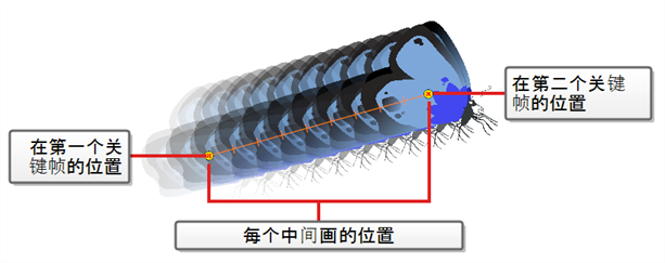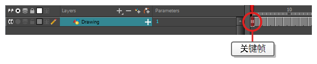 将图层以不同的位置、角度和大小放入场景时间轴上的不同点,即可创建图层动画。 为此,您可以在图层上创建动画关键帧。 关键帧记录图层在特定时间点上的几何变换。 当两个动画关键帧位于场景“Timeline”(时间轴)不同点上的同一图层时,Harmony 会自动在两个关键帧之间的每个帧中补间图层的位置、角度和大小,从而创建动画。
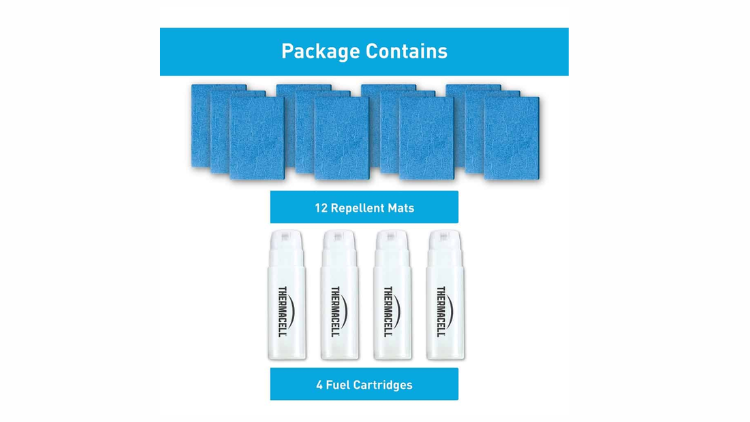 Package contains: 12 repellent mats and 4 fuel cartridges
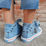 Hohe Sneaker sind der Klassiker unter den Freizeitschuhen. Unsere Sneaker "Hedwig" sind etwas Besonderes mit rockigen Details: dicke Ösen, Schnürung auf der Rückseite und dekorative Reißverschlüsse mit Bügeln verleihen dem Schuh Klasse.
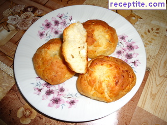 В дълбока купа се смесват всички продукти и се забърква много гъста каша. С лъжица се взема от кашата, колкото яйце, и се поставя в намазнена тава. Върху всяка топка се поставя в средата по малко маргарин и се пече в предварително загрята фурна.
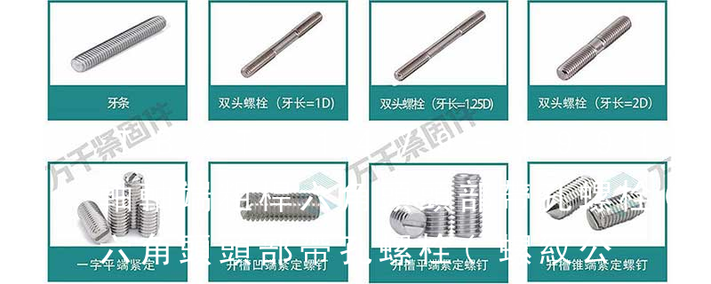1.六角頭(hexagon head) 2.六角頭法蘭面(hexagon head with flange) 3.方頭(square head) 4.T形頭T head (hammer head)5.扁圓頭mushroom head(truss head) 6.圓柱頭(cheese head) 7.圓頭(round head)8.盤頭(pan head)9.
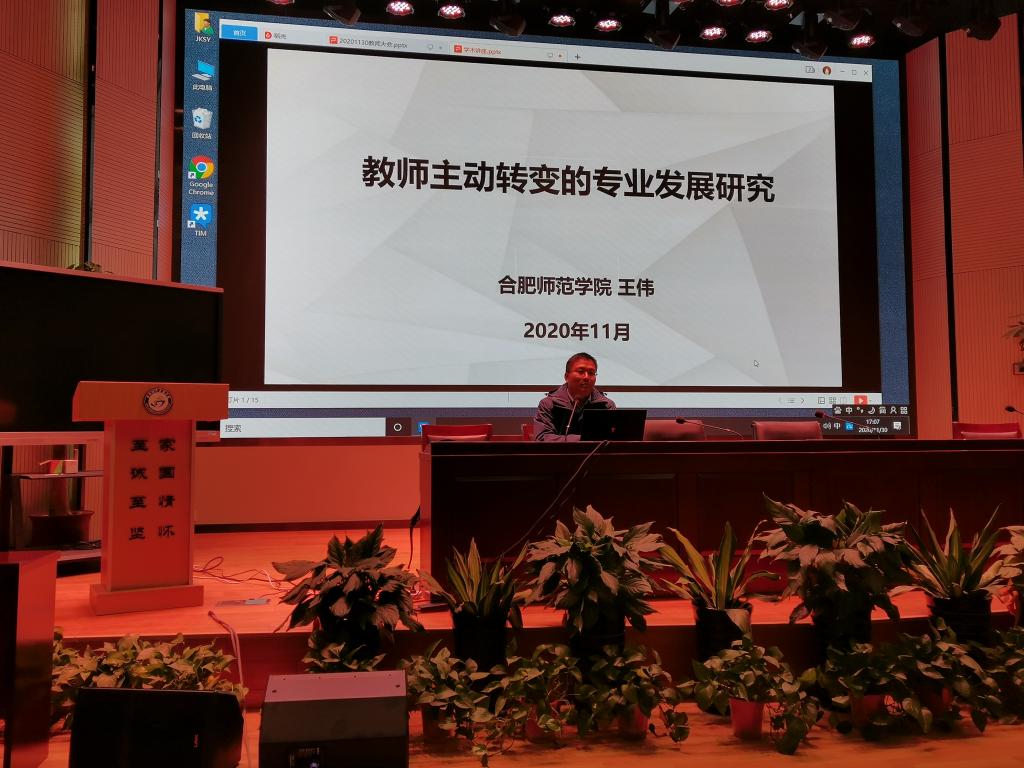 本网讯 为服务附中教研工作,指导员工职后发展,11月30日下午,化学专业教师王伟前往附中开展题为《教师主动转变的专业发展研究》的专题讲座。化学专业教师许俊翠教授,附中校领导邵忠德、粱贺,附中青年教师等100余人参会。
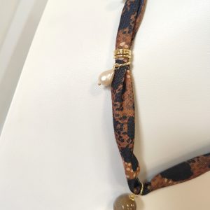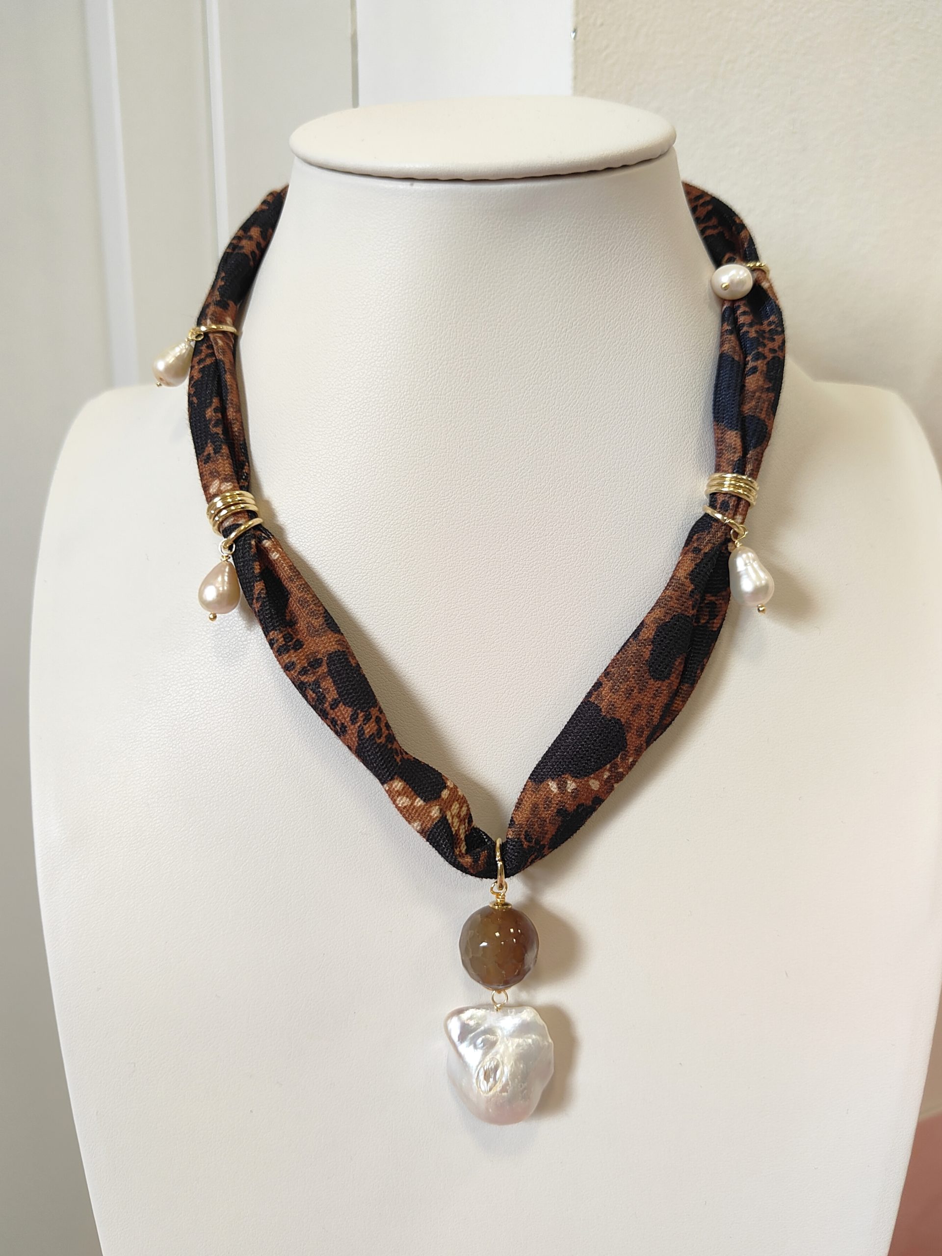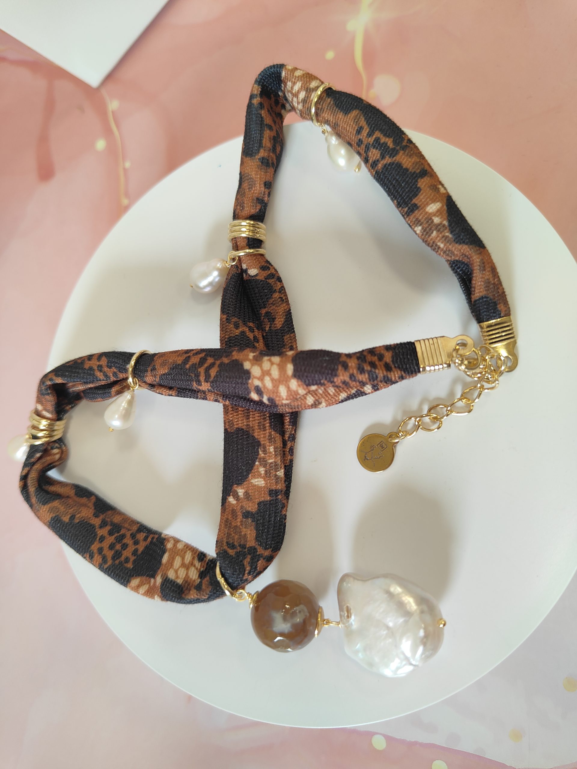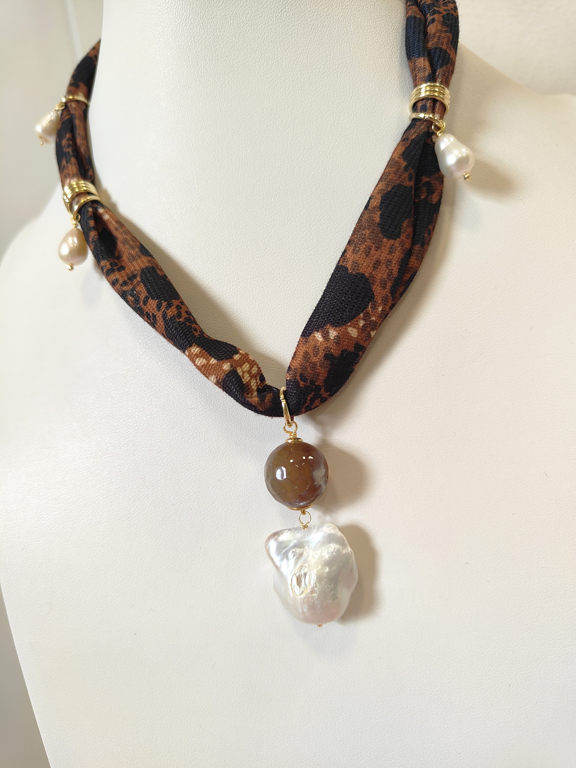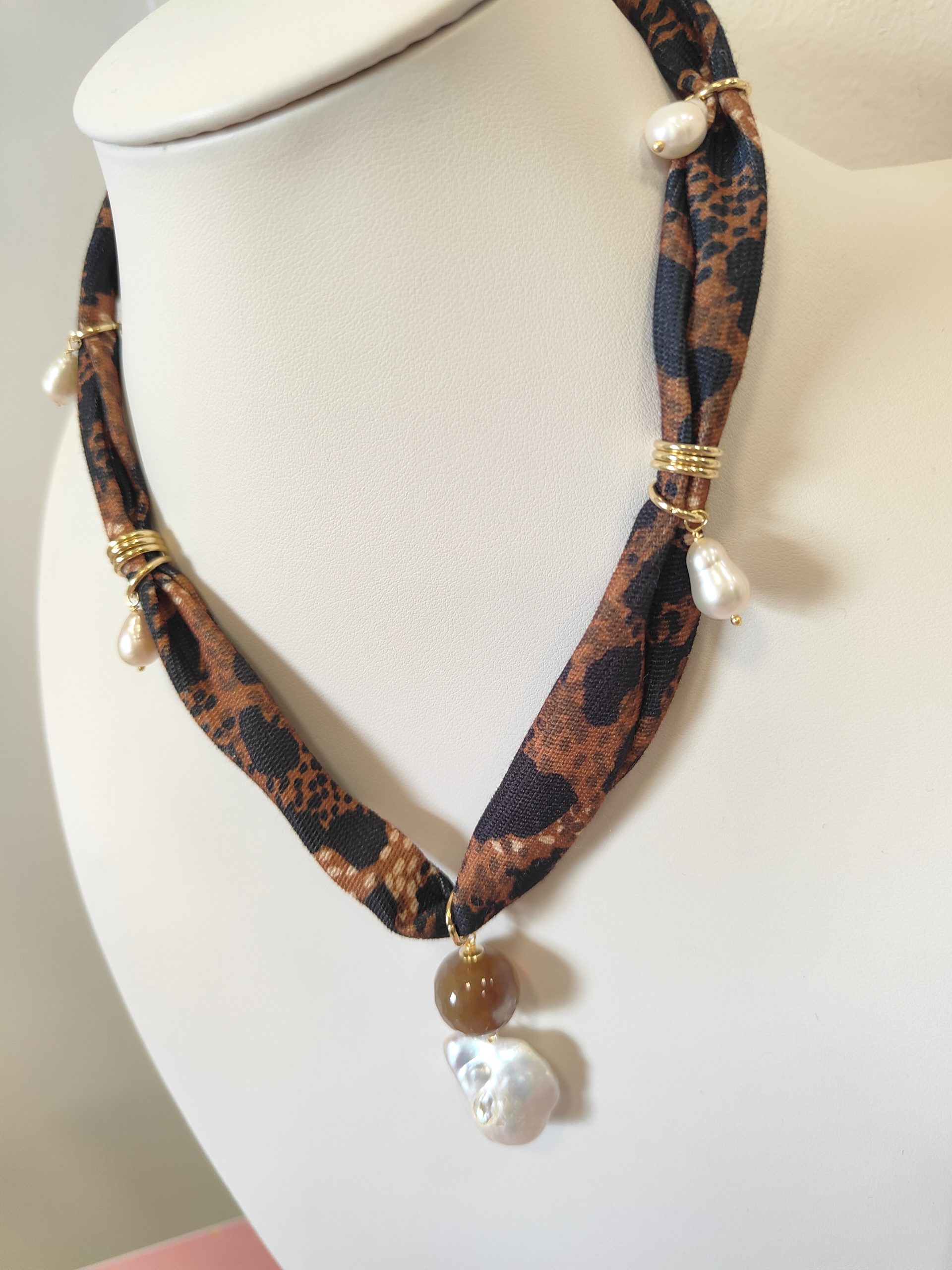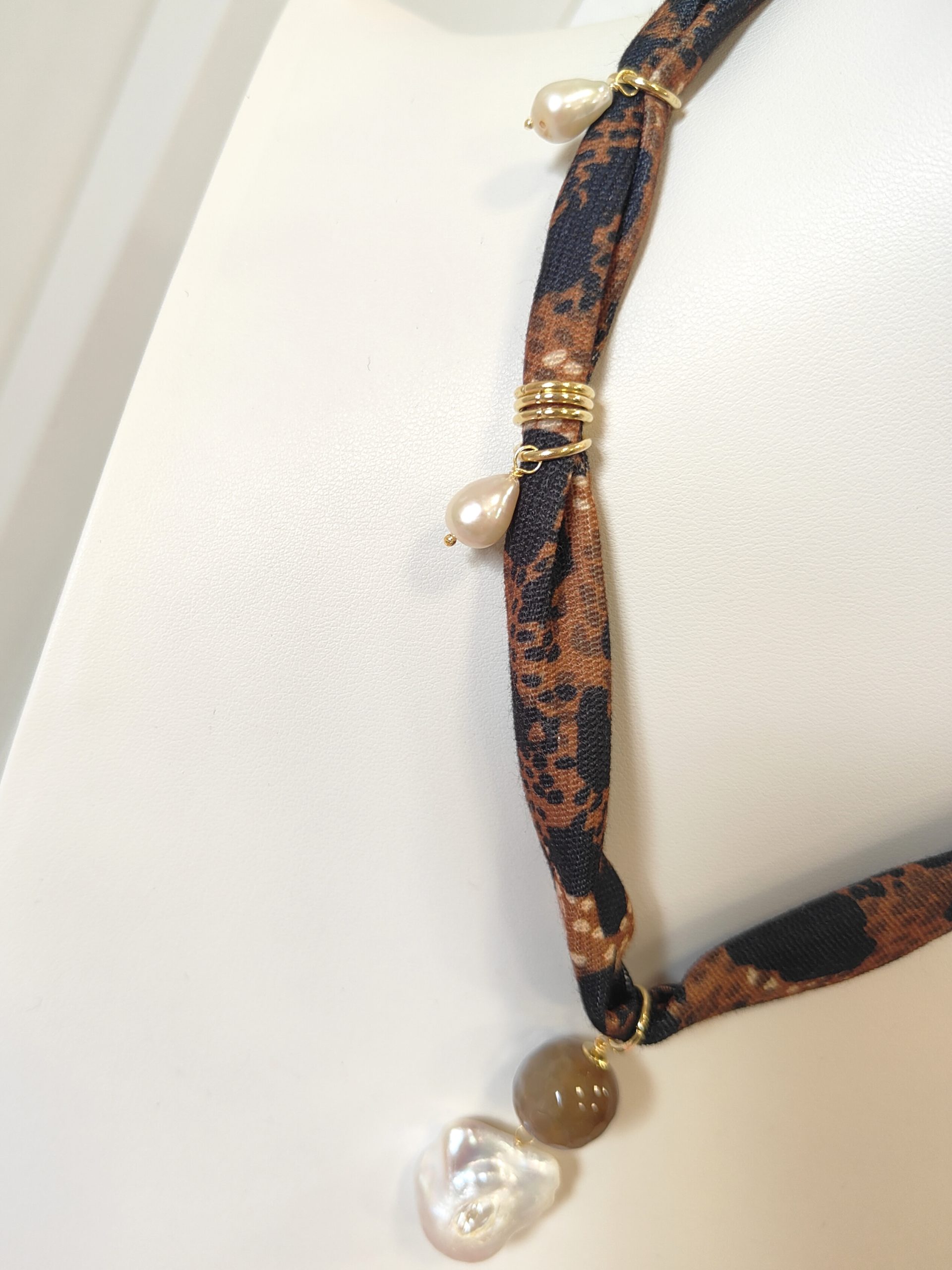 Materiali: laccio in stoffa fantasia animalier; inserti e chiusura in ottone; perle barocche naturali; agata crackle

**What you should do:**
Although the records contain pictures, print only the rest, exactly as written.

**Your solution:**
 将图层以不同的位置、角度和大小放入场景时间轴上的不同点,即可创建图层动画。 为此,您可以在图层上创建动画关键帧。 关键帧记录图层在特定时间点上的几何变换。 当两个动画关键帧位于场景“Timeline”(时间轴)不同点上的同一图层时,Harmony 会自动在两个关键帧之间的每个帧中补间图层的位置、角度和大小,从而创建动画。
 Package contains: 12 repellent mats and 4 fuel cartridges
 Hohe Sneaker sind der Klassiker unter den Freizeitschuhen. Unsere Sneaker "Hedwig" sind etwas Besonderes mit rockigen Details: dicke Ösen, Schnürung auf der Rückseite und dekorative Reißverschlüsse mit Bügeln verleihen dem Schuh Klasse.
 В дълбока купа се смесват всички продукти и се забърква много гъста каша. С лъжица се взема от кашата, колкото яйце, и се поставя в намазнена тава. Върху всяка топка се поставя в средата по малко маргарин и се пече в предварително загрята фурна.
1.六角頭(hexagon head) 2.六角頭法蘭面(hexagon head with flange) 3.方頭(square head) 4.T形頭T head (hammer head)5.扁圓頭mushroom head(truss head) 6.圓柱頭(cheese head) 7.圓頭(round head)8.盤頭(pan head)9.
 本网讯 为服务附中教研工作,指导员工职后发展,11月30日下午,化学专业教师王伟前往附中开展题为《教师主动转变的专业发展研究》的专题讲座。化学专业教师许俊翠教授,附中校领导邵忠德、粱贺,附中青年教师等100余人参会。
 Materiali: laccio in stoffa fantasia animalier; inserti e chiusura in ottone; perle barocche naturali; agata crackle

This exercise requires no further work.